With Sound From Africa, the Phonetic Alphabet Expands

Harold F. Schiffman haroldfs at ccat.sas.upenn.edu
Sun Dec 25 17:22:14 UTC 2005


>>From the NYTimes, Published: December 13, 2005

SCIENCE DESK

With Sound From Africa, the Phonetic Alphabet Expands
By MICHAEL ERARD (NYT) 711 words

For the first time in 12 years, the International Phonetic Association is
amending its official alphabet. A sound called the labiodental flap will
be granted its own letter, one that looks something like a v with a hook.
The sound, a buzz sometimes capped by a faint pop, is present in more than
70 African languages. It is produced by the lower lip moving back and
forward, flapping on the inside of the upper teeth.''The labiodental flap
sound is as important as any other sound to speakers of languages that use
it,'' said Peter Ladefoged, emeritus professor of linguistics at the
University of California, Los Angeles.  ''Think how Americans would
protest if there were no way of transcribing the vowel in 'bird,' which in
the usual U.S. pronunciation is almost as rare among the sounds of the
world's languages as the labiodental flap.''

Until now, linguists have recorded the sound with made-up symbols, usually
the letter v modified by accents. The venerable phonetic alphabet was
established in 1886, and now, after slow increments of change, includes 28
symbols for vowels, 86 for consonants and 75 other marks for tone, stress,
aspiration and other phonetic details. One of the most recent sounds to
win a symbol was the bilabial click, used in two African languages. The
labiodental flap is much more widely used but took longer to be
recognized.

One reason, said Dr. Ladefoged, is that clicks, often considered to be the
most exotic of speech sounds, have been noticed by Europeans since the
17th century. They also occur in politically important languages like Zulu
and Xhosa. ''None of this is true about labiodental flaps,'' Dr. Ladefoged
said in an e-mail message. ''Even now, some people think they are a minor
effect in a few words in a few languages.'' Last spring, he encouraged
Kenneth S. Olson, a linguist at SIL International who has studied the
extensive use of the labiodental flap in Africa, to propose officially
that the sound, first observed in 1907, have its own symbol.
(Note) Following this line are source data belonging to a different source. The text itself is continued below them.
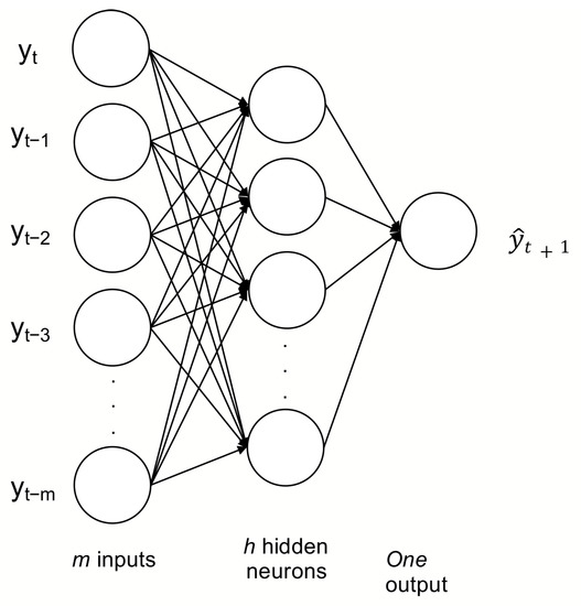 Figure 5. Artificial Neural Network (ANN) topology which starts with the input layer (m past observations), continues with the hidden layer (h hidden neurons), and ends with an output layer (a single output y ^ t + 1 ). For general Artificial Neural Network terminology, see [54].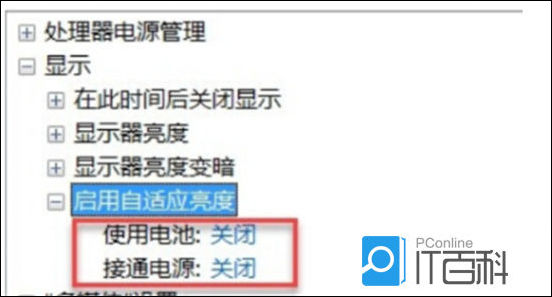 3、然后我们在弹出来的窗口中点击打开“启用自适应亮度”,关闭下方两个选项即可。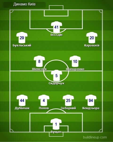 «Динамо»: Бущан, Дубінчак (Вівчаренко, 71), Попов, Забарний, Кендзьора, Шепелєв (Гармаш, 71), Сидорчук, Шапаренко, Буяльський, Караваєв, Бєсєдін (Ванат, 83).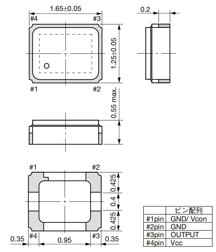 KT1612A,KT1612A52000ECW18TAA,52MHz,Kyocera低電壓晶振,SMD晶振,溫補晶體振蕩器,尺寸圖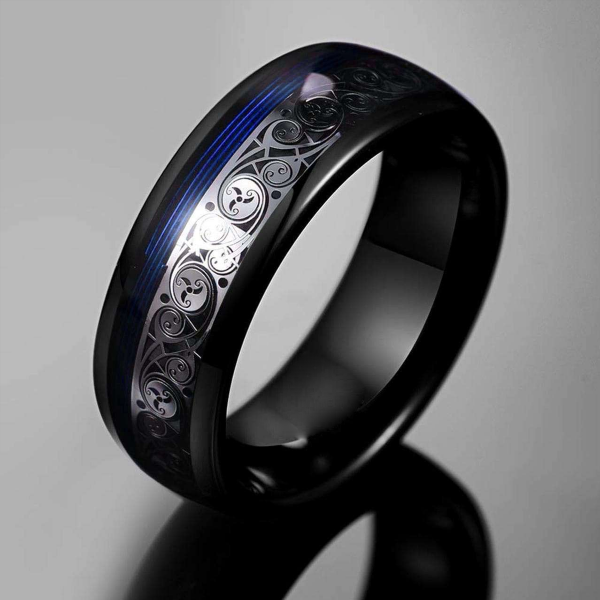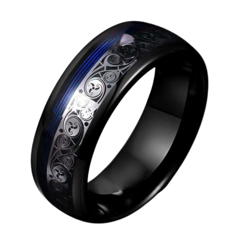 Inspired by the boundless sky and the depths of the ocean, Aether is a fusion of resilience and tranquility. Its black tungsten body exudes strength, while the striking blue inlay flows like an untamed current. A silver wave pattern cuts through, representing harmony between power and peace. Designed for those who move with quiet confidence yet leave a lasting impression, Aether is a statement of unwavering presence and effortless style.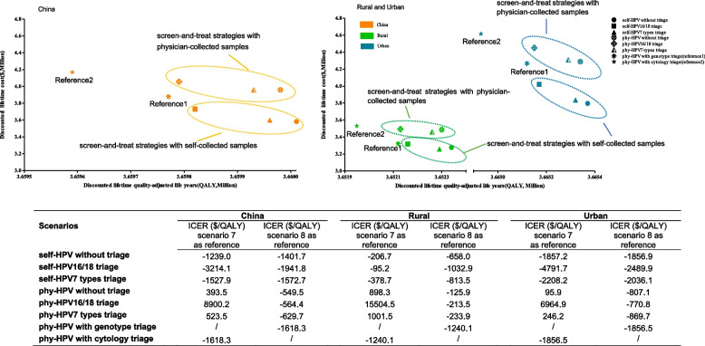 Results: Compared with current strategies in China (physician-HPV with genotype or cytology triage), all screen-and-treat strategies are cost-effective and self-HPV without triage is optimal with the most incremental quality-adjusted life-years (QALYs) gained (220 to 440) in rural and urban China. Each screen-and-treat strategy based on self-collected samples is cost-saving compared with current strategies (-$818,430 to -$3540) whereas more costs are incurred using physician-collected samples compared with current physician-HPV with genotype triage (+$20,840 to +$182,840). For screen-and-treat strategies without triage, more costs (+$9404 to +$380,217) would be invested in the screening and treatment of precancerous lesions rather than the cancer treatment compared with the current screening strategies. Notably, however, more than 81.6% of HPV-positive women would be overtreated. If triaged with HPV 7 types or HPV16/18 genotypes, 79.1% or 67.2% (respectively) of HPV-positive women would be overtreated with fewer cancer cases avoided (19 cases or 69 cases).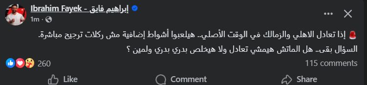 تحيا مصر، وكتب إبراهيم فايق عبر حسابه الرسمي"فيس بوك": إذا تعادل الاهلي والزمالك في الوقت الأصلي.. هيلعبوا أشواط إضافية مش ركلات ترجيح مباشرة".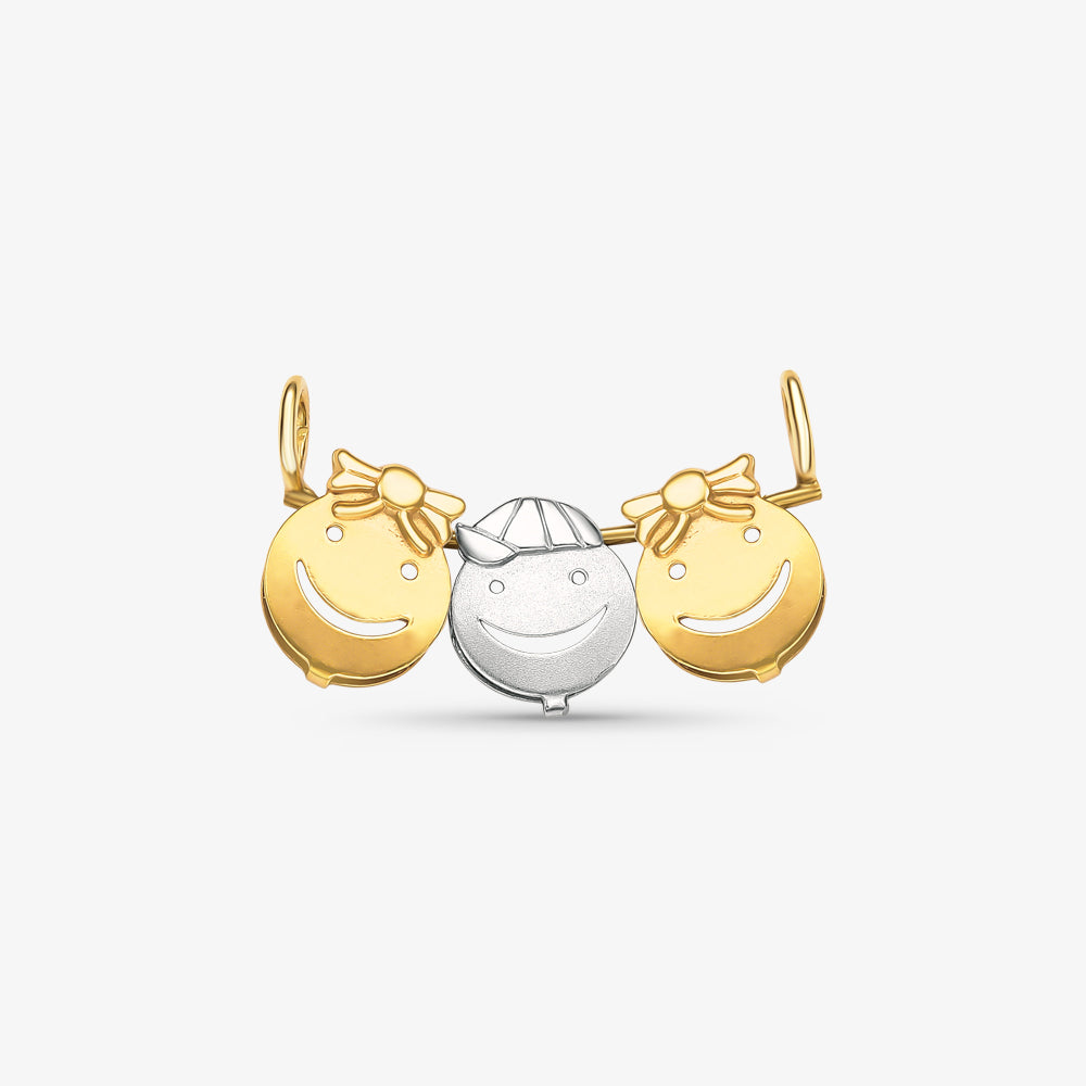 Pingente Canga 2 Meninas 1 Menino em Ouro Amarelo e Branco 18K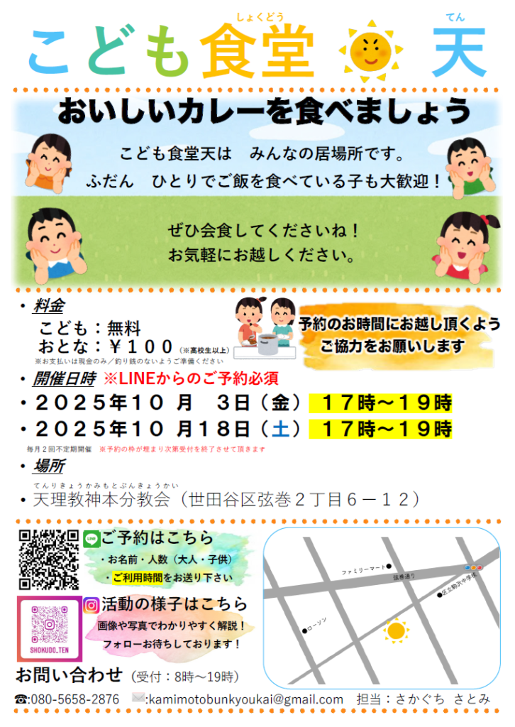 10月の子供食堂の開催日時は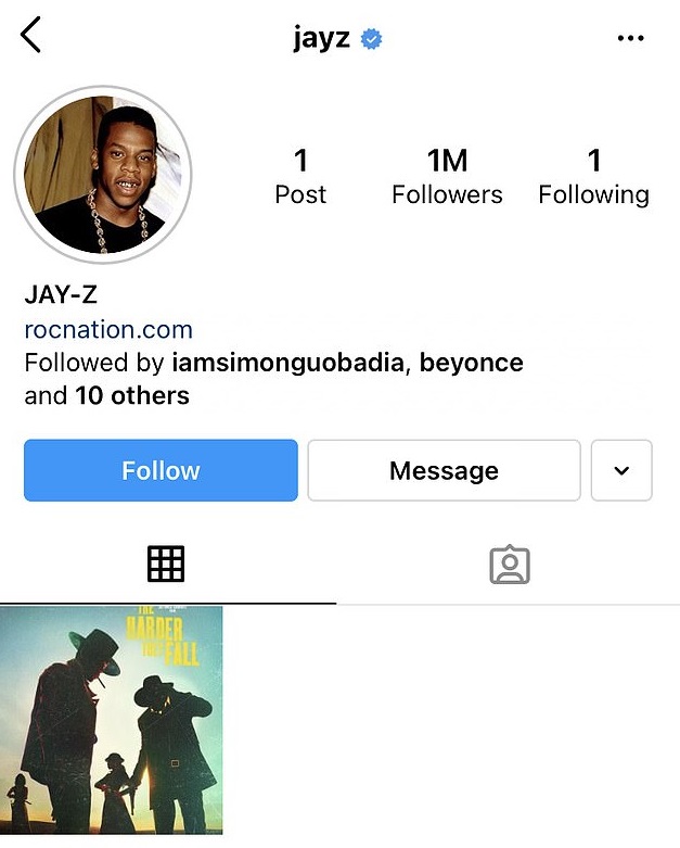 Reperi 51-vjeçar (i lindur me emrin e vërtetë Shawn Corey Carter) iu bashkua Instagramit të martën dhe tashmë ka grumbulluar mbi një milion ndjekës, ndërsa ndjek në Instagram vetëm një llogari, atë të Beyonces, me të cilën është i martuar që nga viti 2008 dhe ka tre fëmijë me të.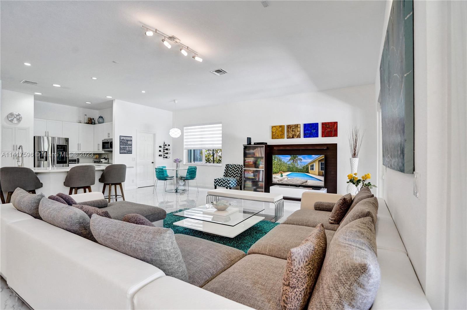Welcome to your dream home in the exclusive resort style, guard-gated community of Savanna. Enter this beautiful home to find stunning porcelain flooring, open concept, renovated bathrooms, and a modern chef's kitchen that’s a culinary enthusiast's delight featuring induction stove top, quartz countertops, high-end stainless steel appliances and abundant space for meal prep. An enclosed patio overlooks a modern salt-water pool with a gorgeous new pool deck. Beautiful window treatments highlight the entire home. Amazing community amenities include community pool and a water slide, a playground, miniature golf, a soccer field and so much more. All 'A" rated schools, HOA Paid quarterly, this is an amazing property.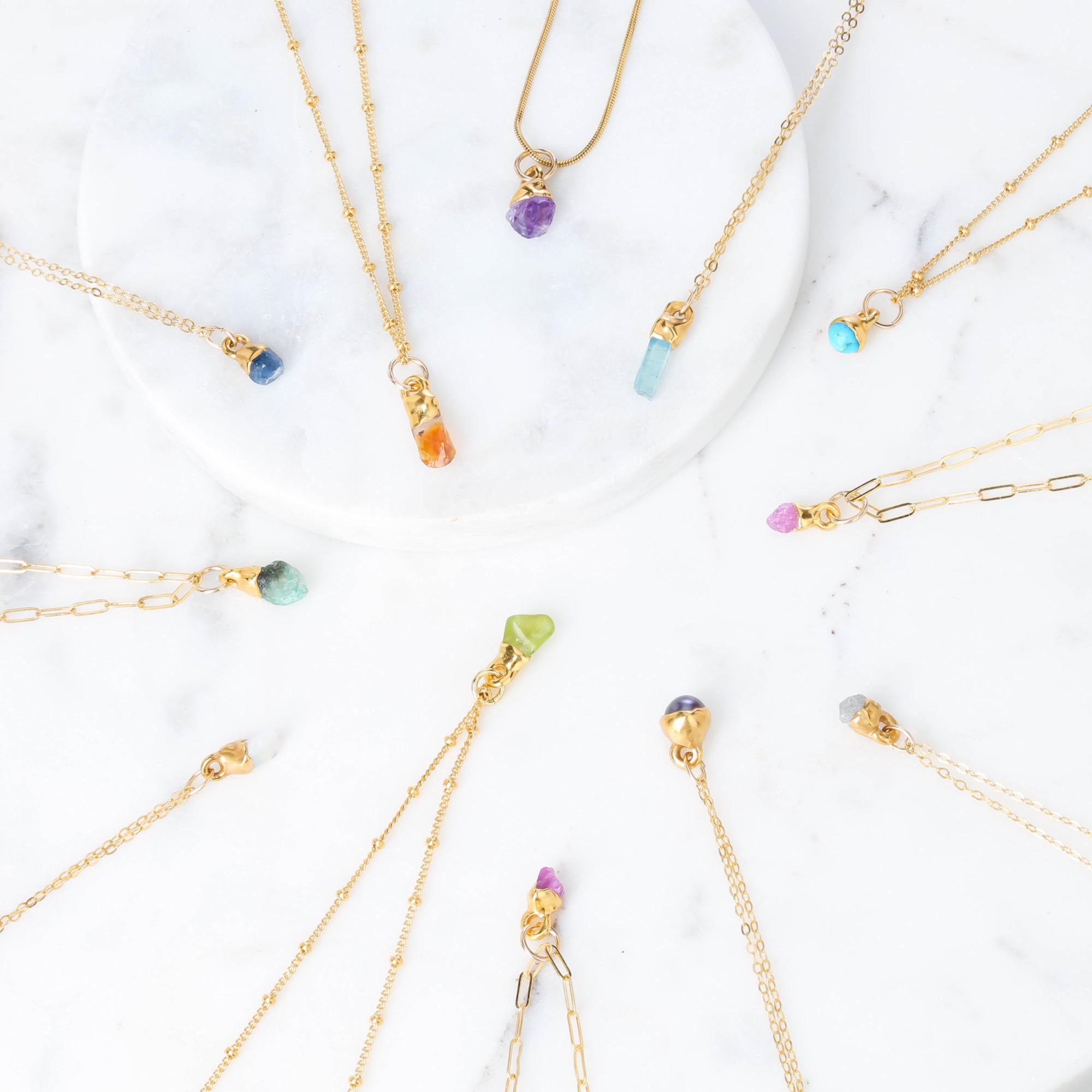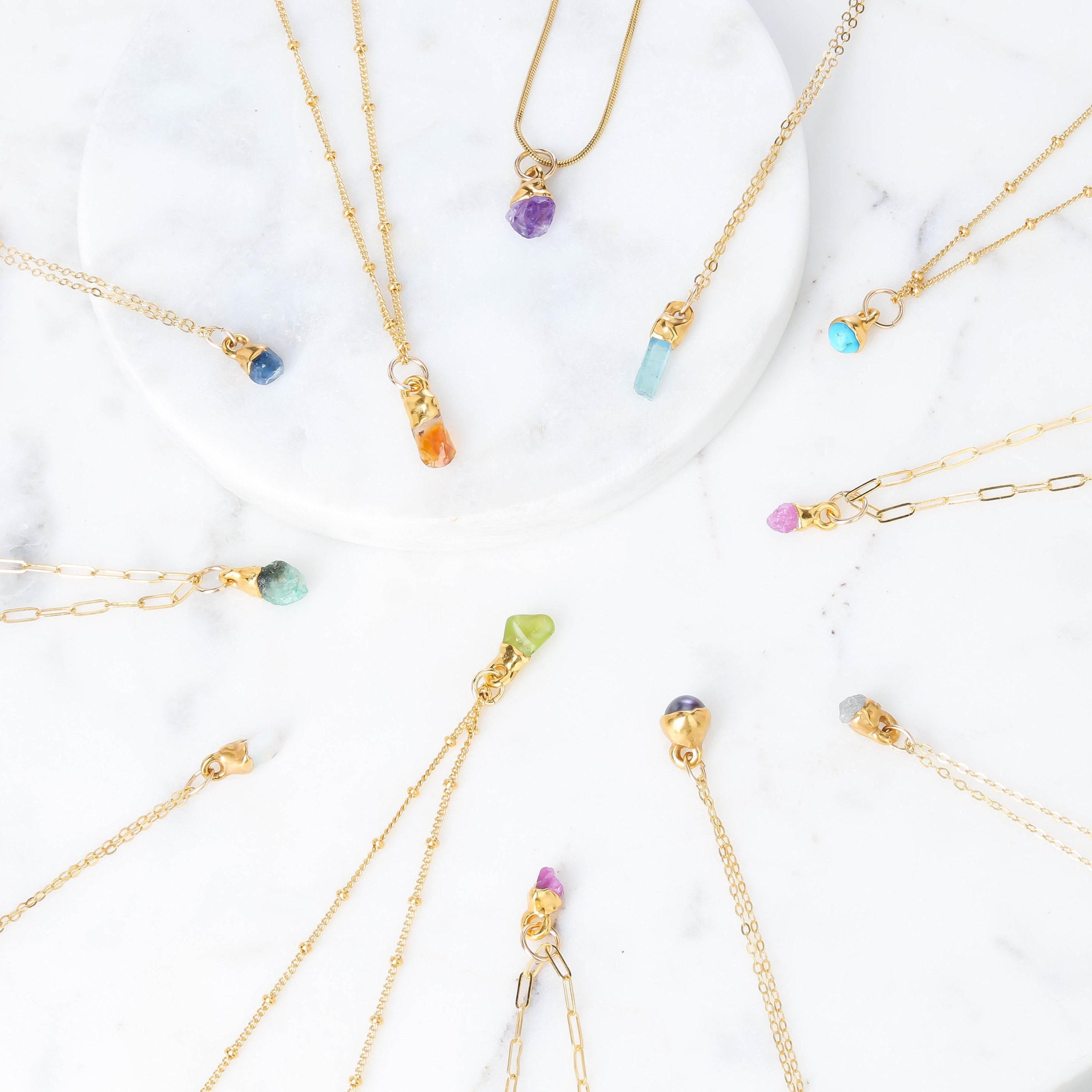 Raw Gemstone Zodiac Constellation Necklace, Custom Birthstone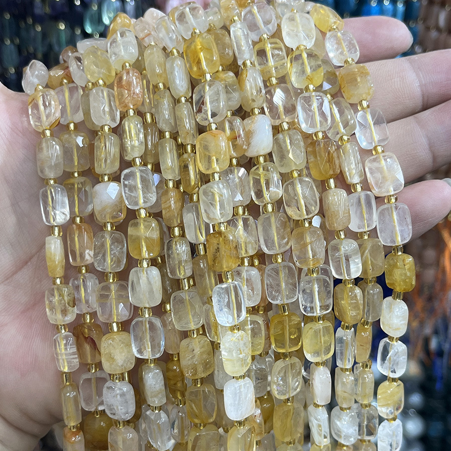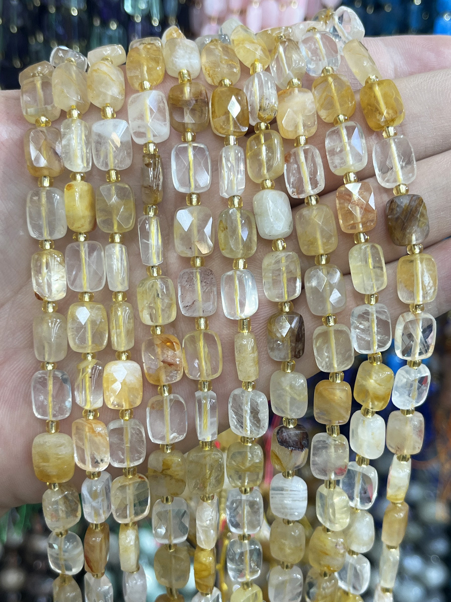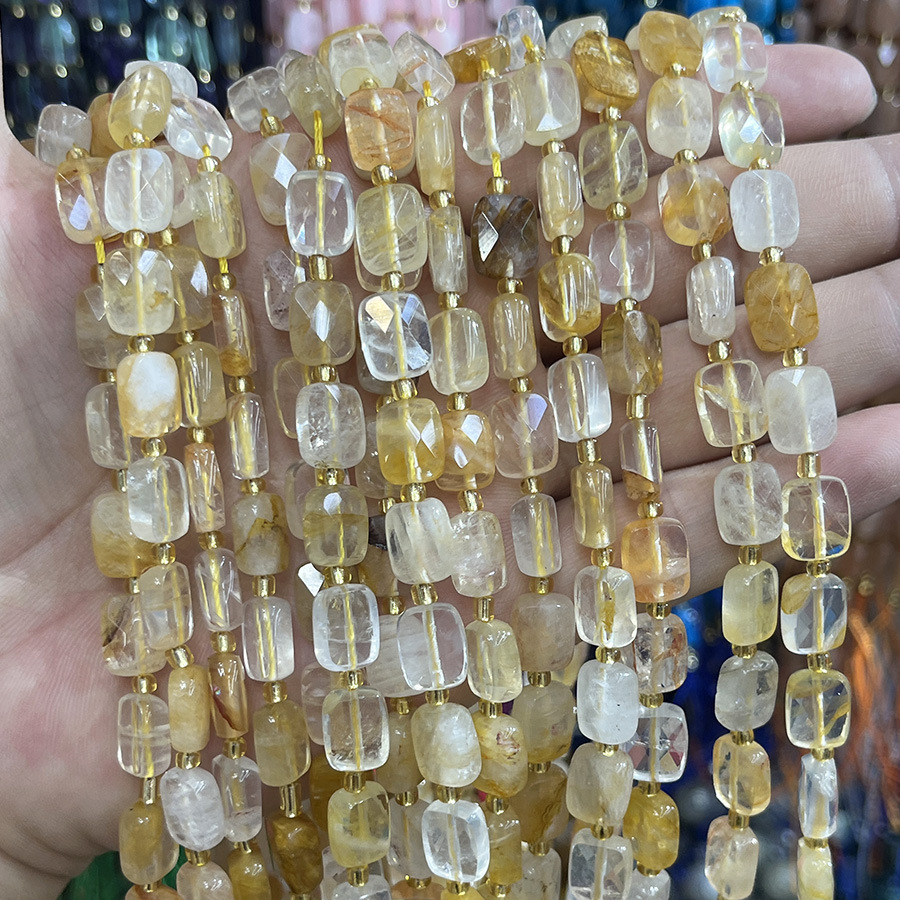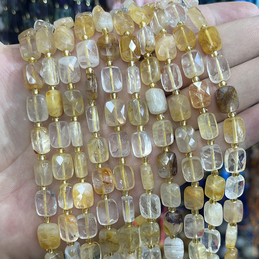 Perles de pierre gemme unique, Le Golden healer quartz, avec Seedbead, DIY, couleurs mélangées, 8x10mm, Longueur:38 cm, Vendu par brin

SIL International is a Christian organization based in Dallas that
studies, documents and helps in developing lesser-known languages. Dr.
Olson encountered the sound while conducting research in Congo and had
performed extensive acoustic analysis to determine that the sound was, in
fact, a flap, not a fricative consonant like the ''f'' of English. Nor did
it involve a sharp intake of air like the clicks.

The new symbol had been recommended by a fellow linguist, Geoff Pullum,
who described it ''as if a fishhook R had been slammed leftward into a
lowercase v so hard its vertical had merged with the right leg of the v,
and the dangly bit had been left hanging there like the drain pipe out of
an upstairs toilet in a partially demolished building.'' In June, Dr.
Olson received a note from the association, informing him that the
proposal had been voted on and accepted. Mono speakers are pleased, Dr.
Olson said. ''The idea of an I.P.A. symbol would offer some prestige to
the language, that this oddity is valued by people around the world.''

Other language oddities wait for their moment. There is a bilabial trill
in two Brazilian languages, Oro Win and Wari'
(phonetics.ucla.edu/appendix/languages/orowin/orowin.html) and what Dr.
Ladefoged called ''hissing-hushing fricatives'' of Ubykh, once spoken in
Turkey (phonetics.ucla.edu/appendix/languages/ubykh/ubykh.html). Dr. Olson
plans to visit the Philippines to study a sound that speakers produce by
sticking their tongues out of their mouths, a sound that outsiders
ridicule.

Dr. Olson says an official symbol might raise the status of the sound and
the people who pronounce it, though perhaps not with the symbol from rock
'n' roll marketing he jokingly proposed -- the Rolling Stones' lips.